**GIVEN DATA:**
————

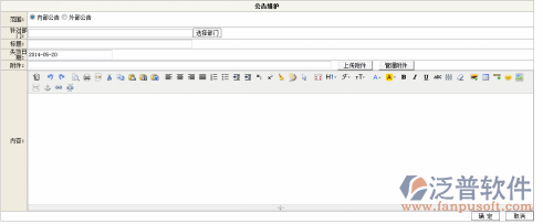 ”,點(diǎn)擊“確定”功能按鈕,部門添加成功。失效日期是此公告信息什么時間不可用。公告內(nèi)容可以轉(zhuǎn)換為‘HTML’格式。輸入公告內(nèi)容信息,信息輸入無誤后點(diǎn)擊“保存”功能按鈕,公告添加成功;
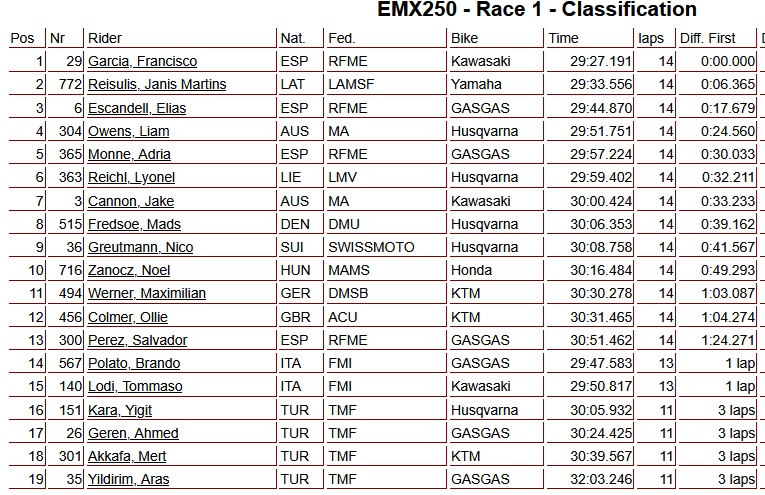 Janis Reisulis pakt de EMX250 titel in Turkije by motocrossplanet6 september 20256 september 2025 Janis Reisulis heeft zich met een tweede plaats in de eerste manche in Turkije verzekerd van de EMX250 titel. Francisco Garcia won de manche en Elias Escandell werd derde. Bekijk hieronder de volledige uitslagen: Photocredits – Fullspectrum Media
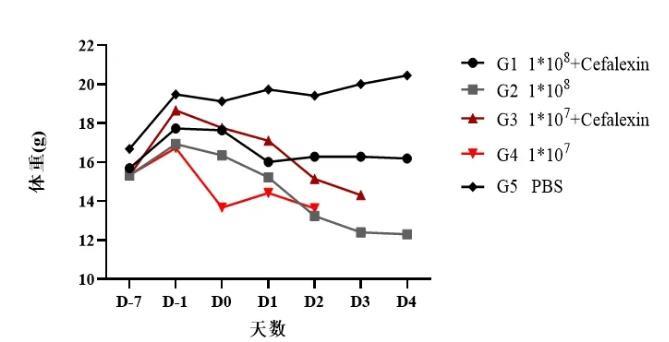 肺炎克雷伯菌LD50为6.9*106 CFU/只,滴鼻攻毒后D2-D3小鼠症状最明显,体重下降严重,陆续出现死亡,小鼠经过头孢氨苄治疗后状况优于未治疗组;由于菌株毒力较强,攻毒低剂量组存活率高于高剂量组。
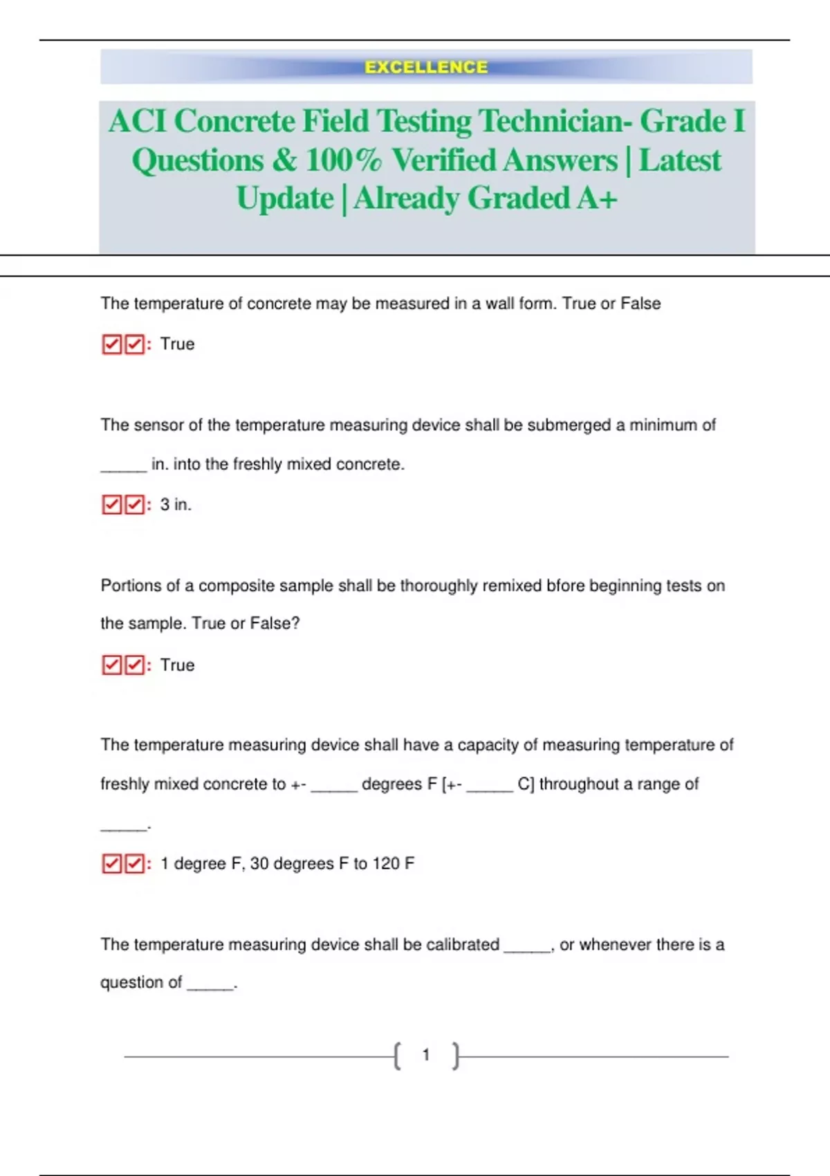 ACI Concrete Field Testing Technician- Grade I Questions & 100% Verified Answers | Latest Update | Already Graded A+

————

**PROBLEM DETAILS:**
Omitting all pictures, set the listing down exactly.

**TASK SOLUTION:**
 ”,點(diǎn)擊“確定”功能按鈕,部門添加成功。失效日期是此公告信息什么時間不可用。公告內(nèi)容可以轉(zhuǎn)換為‘HTML’格式。輸入公告內(nèi)容信息,信息輸入無誤后點(diǎn)擊“保存”功能按鈕,公告添加成功;
 Janis Reisulis pakt de EMX250 titel in Turkije by motocrossplanet6 september 20256 september 2025 Janis Reisulis heeft zich met een tweede plaats in de eerste manche in Turkije verzekerd van de EMX250 titel. Francisco Garcia won de manche en Elias Escandell werd derde. Bekijk hieronder de volledige uitslagen: Photocredits – Fullspectrum Media
 肺炎克雷伯菌LD50为6.9*106 CFU/只,滴鼻攻毒后D2-D3小鼠症状最明显,体重下降严重,陆续出现死亡,小鼠经过头孢氨苄治疗后状况优于未治疗组;由于菌株毒力较强,攻毒低剂量组存活率高于高剂量组。
 ACI Concrete Field Testing Technician- Grade I Questions & 100% Verified Answers | Latest Update | Already Graded A+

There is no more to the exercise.